● **EXERCISE INSTRUCTIONS**: From the entries below, copy exactly the lines from the one that contains "湯倉神社では、大国主神の神獣" through the one that contains "2関節タイプなので、脱衣所から洗い場、浴槽への移動ができるリフトです。", both included, and only those.

● **DATA RECORDS**:
▼

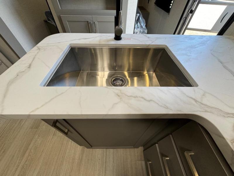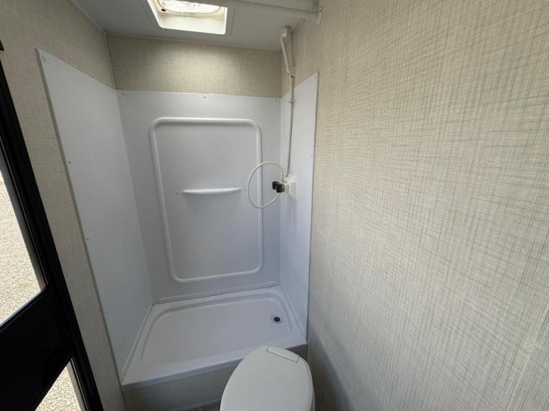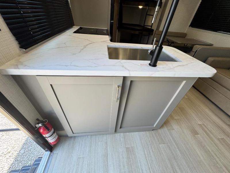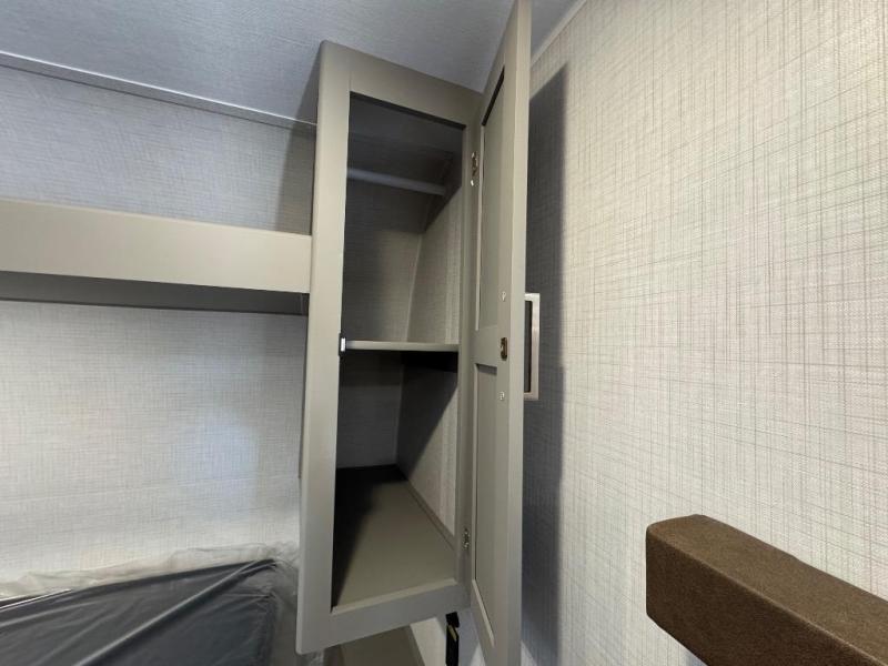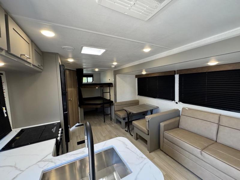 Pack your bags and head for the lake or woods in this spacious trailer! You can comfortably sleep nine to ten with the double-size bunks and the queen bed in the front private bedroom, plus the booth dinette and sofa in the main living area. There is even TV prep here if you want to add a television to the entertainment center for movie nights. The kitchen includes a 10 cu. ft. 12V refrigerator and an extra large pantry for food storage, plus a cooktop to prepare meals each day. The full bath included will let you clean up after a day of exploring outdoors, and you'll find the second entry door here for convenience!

▲
▼

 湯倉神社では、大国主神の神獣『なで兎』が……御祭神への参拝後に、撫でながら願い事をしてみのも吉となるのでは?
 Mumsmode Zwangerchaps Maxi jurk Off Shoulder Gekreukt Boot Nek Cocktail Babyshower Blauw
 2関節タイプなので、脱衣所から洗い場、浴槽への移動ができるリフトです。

▲
▼

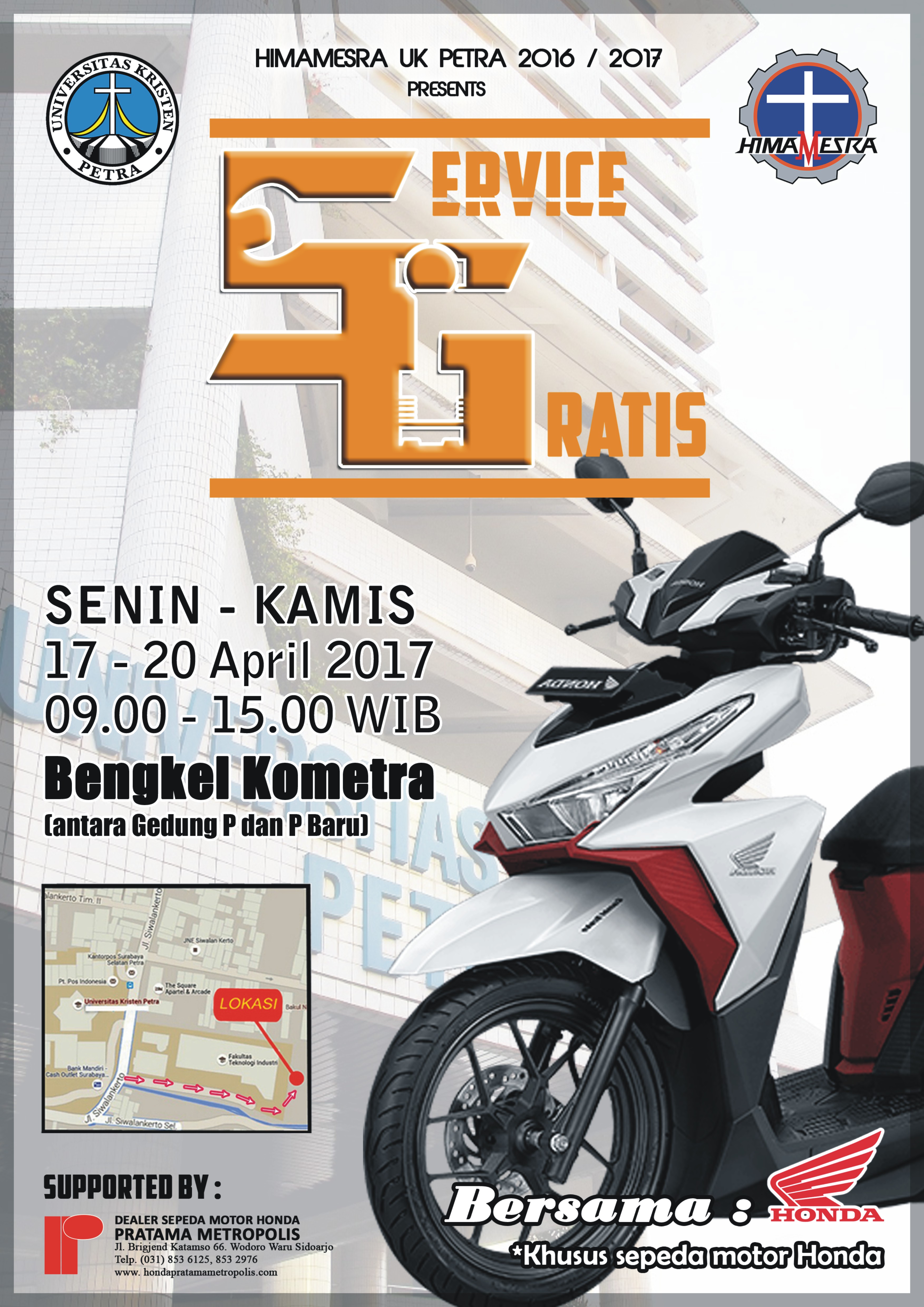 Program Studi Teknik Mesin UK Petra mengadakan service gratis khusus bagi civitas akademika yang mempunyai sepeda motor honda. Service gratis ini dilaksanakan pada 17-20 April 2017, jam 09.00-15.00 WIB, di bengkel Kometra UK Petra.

▲

● **EXERCISE RESPONSE**:
 湯倉神社では、大国主神の神獣『なで兎』が……御祭神への参拝後に、撫でながら願い事をしてみのも吉となるのでは?
 Mumsmode Zwangerchaps Maxi jurk Off Shoulder Gekreukt Boot Nek Cocktail Babyshower Blauw
 2関節タイプなので、脱衣所から洗い場、浴槽への移動ができるリフトです。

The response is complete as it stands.